A shoe has dropped.
The HITECH act requires separate rules for accounting for disclosure under HIPAA when the disclosures are made from an EHR. The notice of proposed rule making (NPRM) is now on public display. It will appear in the Federal Register this week. The 60 day comment period closes approximately Aug 1. Enforcement will begin 8 months after the issuance of the final rule. The final rule could be issued as early as Sept 2011 but may be delayed substantially longer.

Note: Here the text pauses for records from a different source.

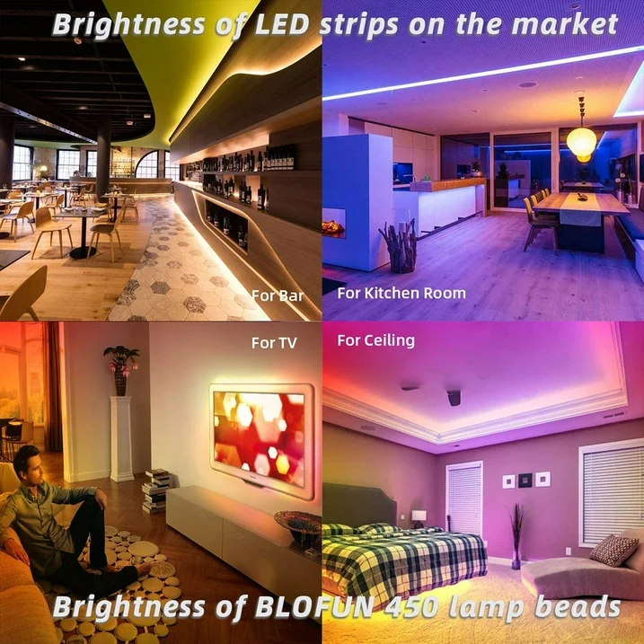 • Upgraded APP Control & Brightness Adjust】- Easily dim and switch the light via smart phone app control, play with 16 million colors, multiple dynamic mode and control color changing speed. RGB led strip also specially set 6 colors for DIY.Led tape light has ultra-high brightness SMD5050, it can be adjust brightness from 1% to 100%, you can show the any brightness you want.
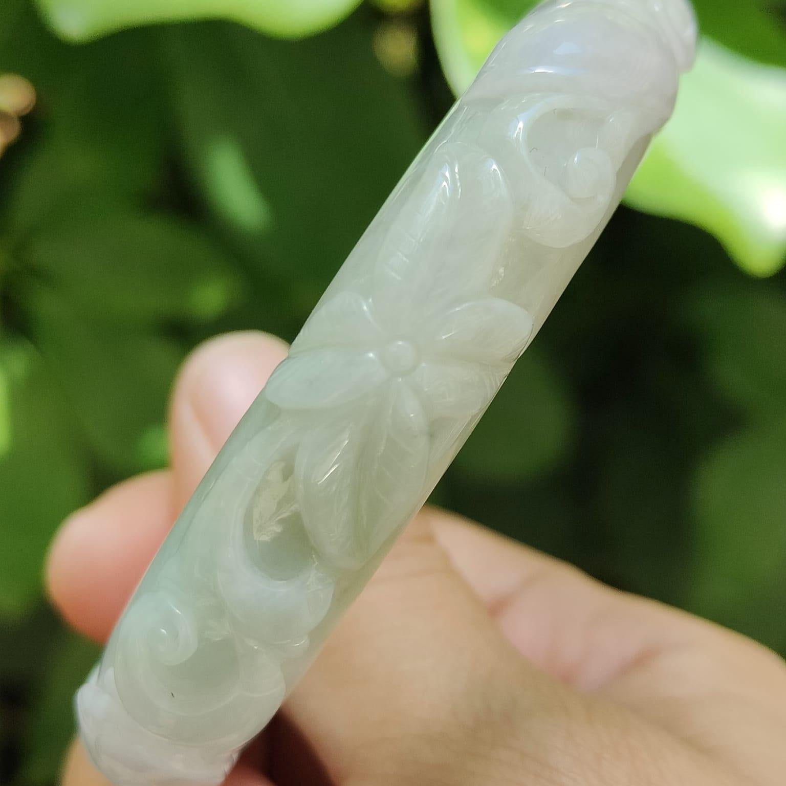 Embrace the dance of yin and yang with this exquisite Light Lavender and Light Green Natural Type A Jadeite Jade bangle. Handcrafted with floral and leaf patterns, each curve tells a story of growth and balance:
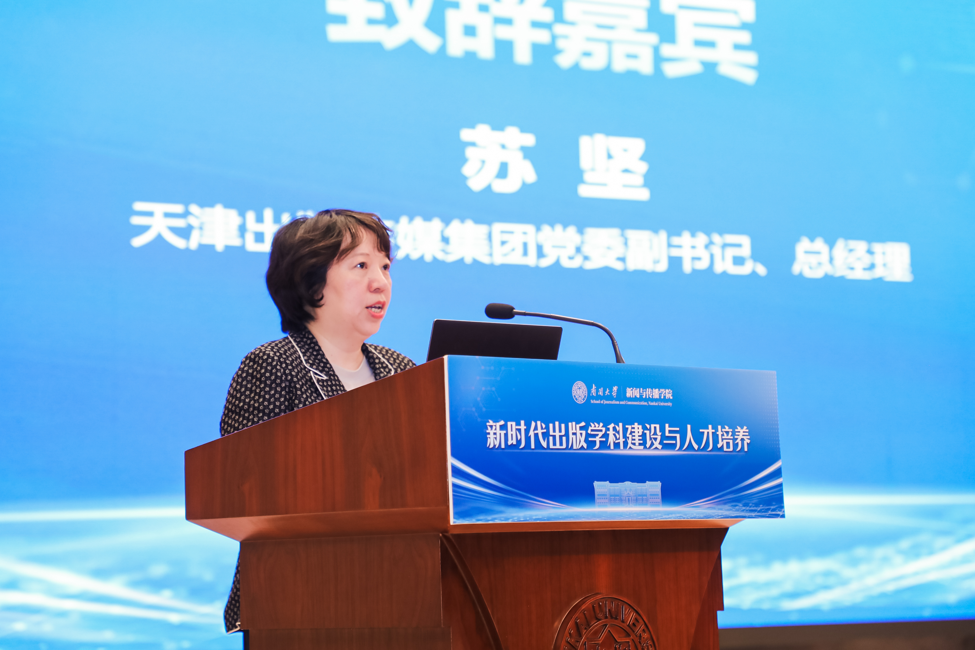 苏坚分享了天津出版传媒集团近年来在融合出版领域取得的成就。她表示,随着人工智能、大数据、区块链等新兴技术的广泛应用,出版业的结构、形式和传播方式都发生了巨大变化。她呼吁出版企业与高校紧密合作,共同探索出版业的新模式,培养适应新时代需求的出版人才。同时也期待天津出版传媒集团与南开大学的合作更加深入,在学术精品出版、专业人才培养、数字化转型等方面实现资源共享、优势互补,推动双方共同发展。
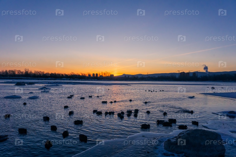Зимнее морозное утро над Енисеем в центре Красноярска
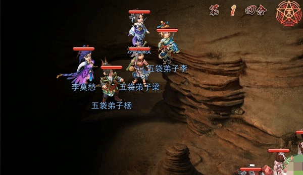前排3个伤害较高可以用八门或真空封住。第7回合时前排中间的怪会识破李莫愁,然后李莫愁会出手杀死前排3个小怪。
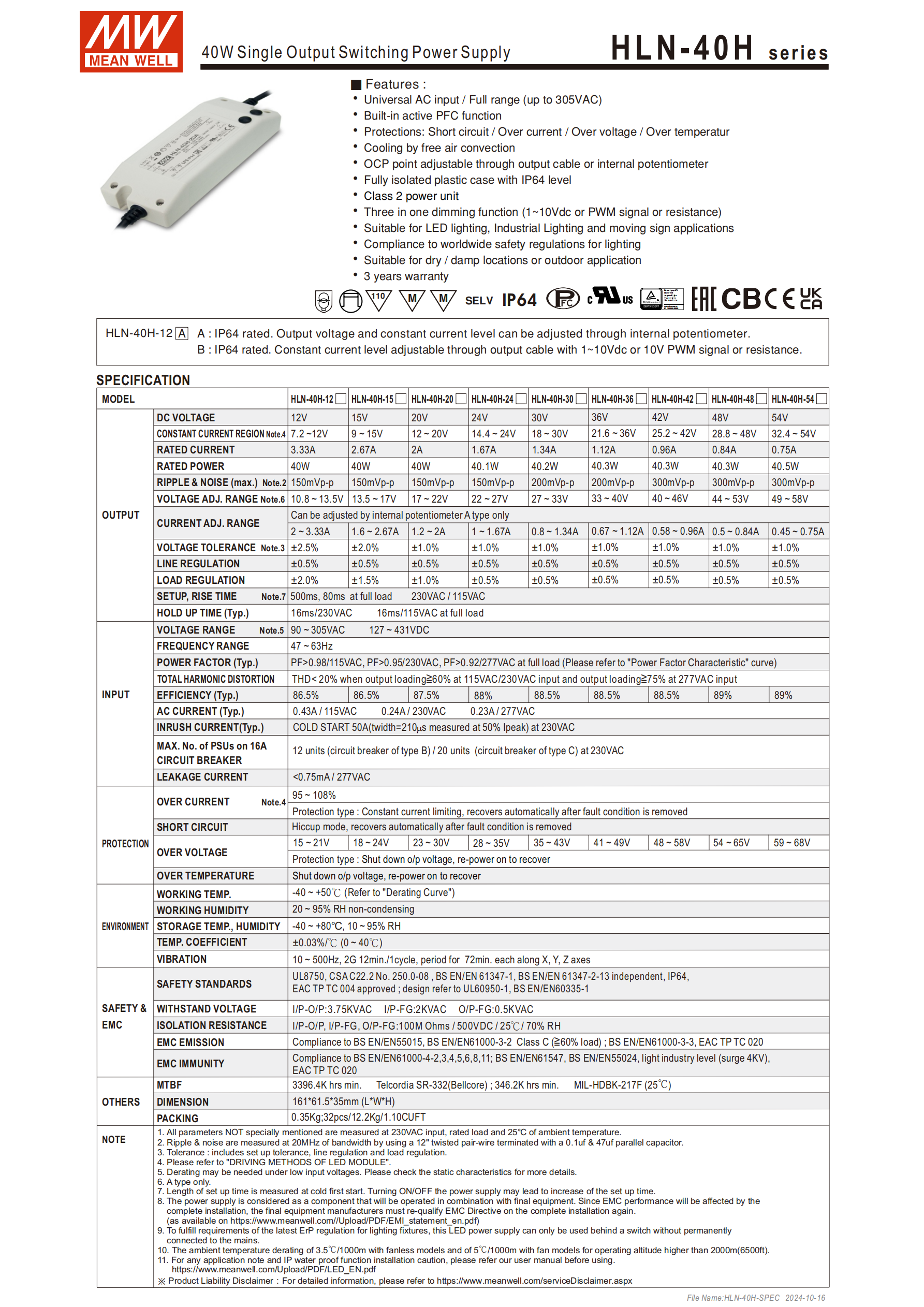 | HLN-40H-54 | 54V | 0.75A | 40.5W | 300mVp-p | 0.45~0.75A |
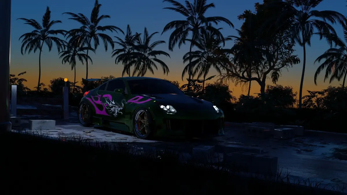 3d scene of a road in a tropical area with palm trees and other plants, well detailed road with stones, paper, leaves and puddles on it, also added Rachel 350Z car from NFS underground 2. Well detailed model of the car and the whole scene, adjusted materials and lighting , the final file is missing car textures and some plant and palm textures, they were lost, all other textures are present in the zip archive. I hope you enjoy my work, good luck!
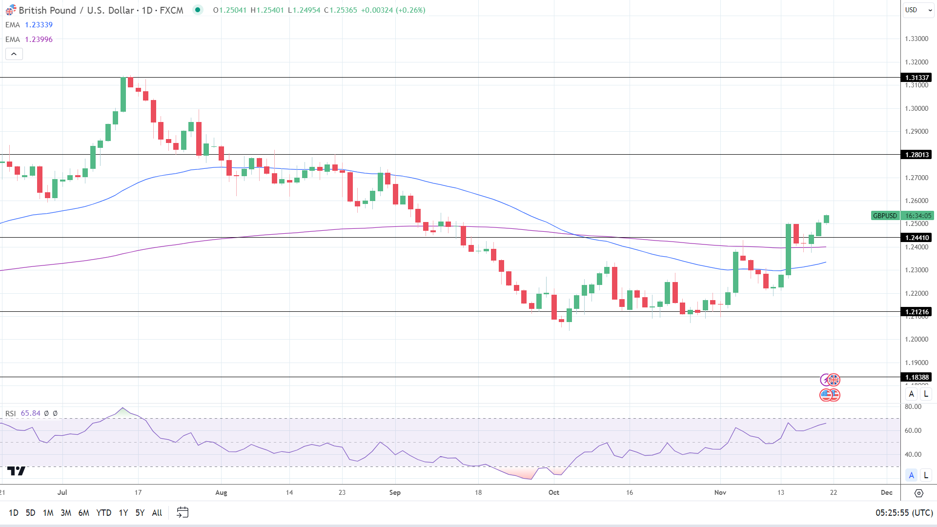 英镑/美元周一(11月20日)上升 0.41%,收于 1.25041 美元。贝利继续驳回降息谈判,支撑了英镑的买家需求。
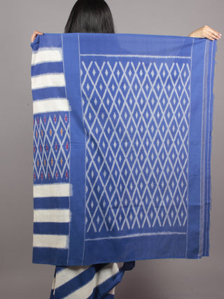 Navy Blue Ivory Ikat Handwoven Pochampally Mercerized Cotton Saree - S031701633
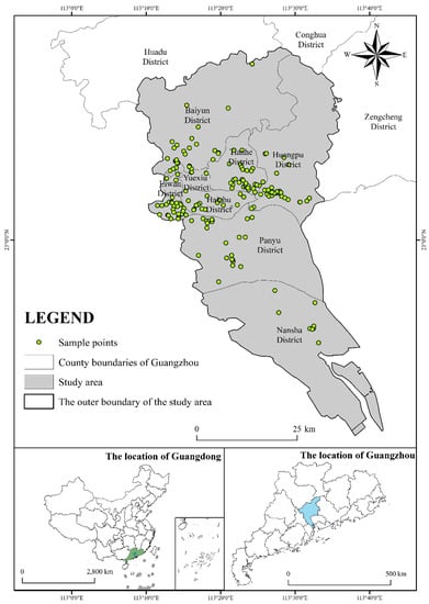 Guangzhou is located between 112°57′ and 114°3′ east longitude and 22°26′ and 23°56′ north latitude. It has six months of summer per year and a subtropical climate [26]. Guangzhou is a central city in southern China and has a large concentration of urban villages, mainly in the Huangpu, Tianhe, Liwan, Haizhu, and Baiyun districts. The results of the seventh census show that there are new trends in population movement [27]. Areas with large population inflows can experience increasing conflicts between energy supply and demand. The 10 cities with the fastest growing populations in China in 2020 were Shenzhen, Chengdu, Guangzhou, Zhengzhou, Xi’an, Hangzhou, Chongqing, Changsha, Wuhan, and Foshan, with a total population of 158 million, 42.1 million more than in 2010. Their share of the national population is projected to increase from 8.7% in 2010 to 11.2% in 2020. Figure 1 shows the location of Guangzhou and Guangdong Province in China.
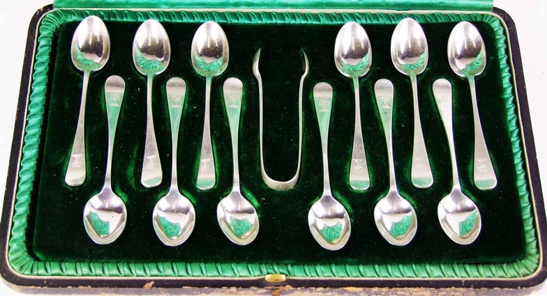 cased with tongs, maker's mark of Joseph Rodgers & Sons, Sheffield 1905, approx.
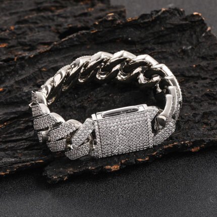 18mm Flip Clasp Mixed Zirconia Diamond Cuban Bracele(18mm翻盖扣混镶锆石菱形古巴手链)
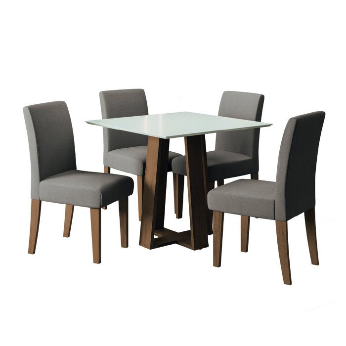 Conjunto de Mesa Sala de Jantar Athenas Quadrada 0,90m 4 Cadeiras Trieste Cedro/off White/mascavo
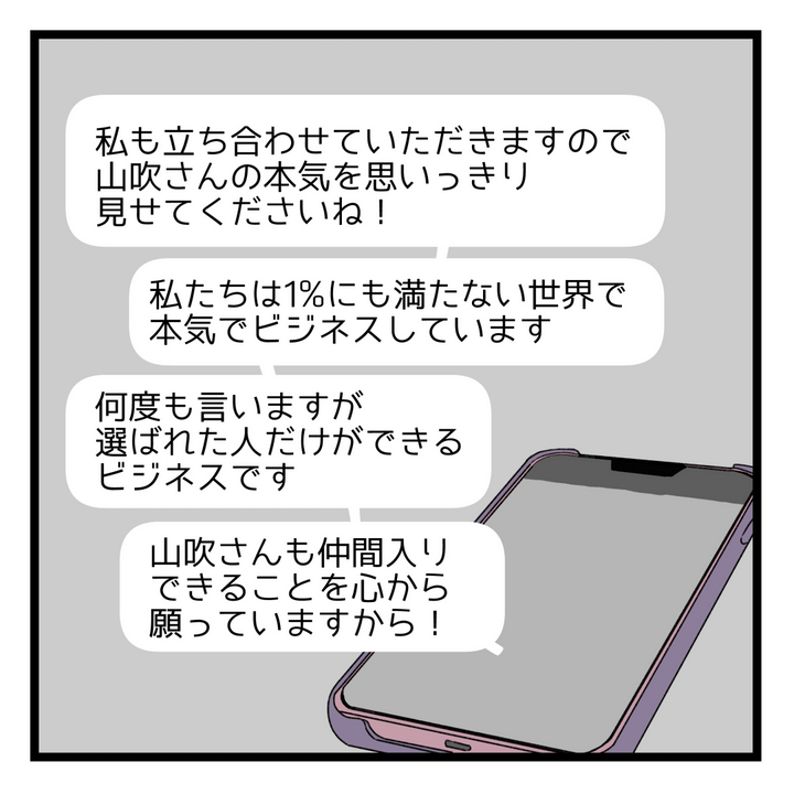 300万円の初期費用を、上司に頼んで200万円にしてもらったというI田。「選ばれた人にしかできないビジネス」と何度も言われ、「その中に入りたい」と思うようになった主人公・いろは、面談のためにスーツまで新調したのでした。
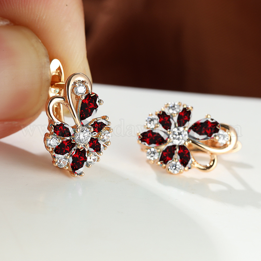 • Темно-Красный Латунные микро проложить серьги обруча кубического циркония, цветок, золотые, темно-красный, 16x11 мм

It removes certain exemptions on accounting for disclosure if the disclosure occurred through an EHR.
Definition of EHR
The NPRM quotes the following from the HITECH act:
Section 13400 of the HITECH Act defines an electronic health record (“EHR”) as “an electronic record of health-related information on an individual that is created, gathered, managed, and consulted by authorized health care clinicians and staff.” Under section 13405(c), an individual has a right to receive an accounting of such disclosures made during the three years prior to the request.
One gets the sense that the Office of Civil Rights (OCR), which develops rules for HIPAA, believes that certified EHR technology provides a control-point where all outgoing electronic information from a hospital or practice can be logged for reporting on disclosures. This ideal is rarely true. Most hospitals have a dozen or more departmental systems from specialized vendors that are not routinely certified as modules of an EHR under the HITECH rules. Frequently the specialized systems are highly integrated with special imaging hardware for specific procedures such as endoscopy or spirometry.
In the era of meaningful use and ICD-10 it might be worthwhile to catalog the vendor products that are likely to require upgrades or special new integration in order to meet the new accounting requirements. Then it would be helpful to provide estimates of the cost and staff expenditures required in comments to the NPRM.
Data is far more persuasive in NPRM comments than opinion.
In commenting, give special attention to the possible enforcement deadline, which could be as early as 1 June 2012.